SQL project analyzing e-commerce customer behavior using MySQL
Analyze fictional e‑commerce data in MySQL to showcase advanced SQL skills for data‑analyst roles.
| # | Business Question | SQL Techniques Used |
|---|---|---|
| 1 | Who are our most valuable customers? (CLV) | JOIN, SUM, GROUP BY |
| 2 | Which customers may churn (inactive 90+ days)? | MAX, DATEDIFF, HAVING |
| 3 | What are the top‑selling products each month? | Window functions RANK() |
| 4 | How well do signup cohorts retain over time? | CTEs, date functions |
ecommerce-sql-case-study/ ├── data/ ← 4 CSV files (generated with Python + Faker) ├── sql/ │ ─ schema.sql ← CREATE TABLE script │ ─ analysis_queries.sql ├ ─ screenshots/ Results
- MySQL 8.0 (queries run in MySQL Workbench or CLI)

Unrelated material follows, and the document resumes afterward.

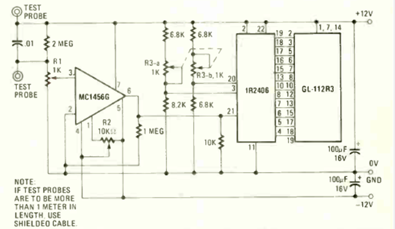We found this circuit in the October 1979 issue of Radio Electronics magazine. It uses a 7016 bargraph indicator, but other equivalents can be used. R2 adjusts the offset or null of the operational amplifier.

- Git & GitHub for version control
- Python (only for dataset generation)
- Optional: Excel / Google Sheets / Tableau for quick charts
# 1 Clone the repo
git clone https://github.com/<your-username>/ecommerce-sql-case-study.git
cd ecommerce-sql-case-study
# 2 In MySQL Workbench:
# – Run sql/schema.sql (creates tables)
# – Import each CSV from data/ into its matching table
# 3 Execute queries from sql/analysis_queries.sql
-- Top 10 customers by lifetime value
SELECT c.customer_id,
ROUND(SUM(o.order_amount),2) AS lifetime_value
FROM customers c
JOIN orders o USING (customer_id)
WHERE o.status = 'Completed'
GROUP BY c.customer_id
ORDER BY lifetime_value DESC
LIMIT 10;-- Customers inactive > 90 days (churn risk)
SELECT c.customer_id,
MAX(o.order_date) AS last_order_date,
DATEDIFF(CURDATE(), MAX(o.order_date)) AS days_since_last_order
FROM customers c
JOIN orders o USING (customer_id)
GROUP BY c.customer_id
HAVING MAX(o.order_date) < CURDATE() - INTERVAL 90 DAY;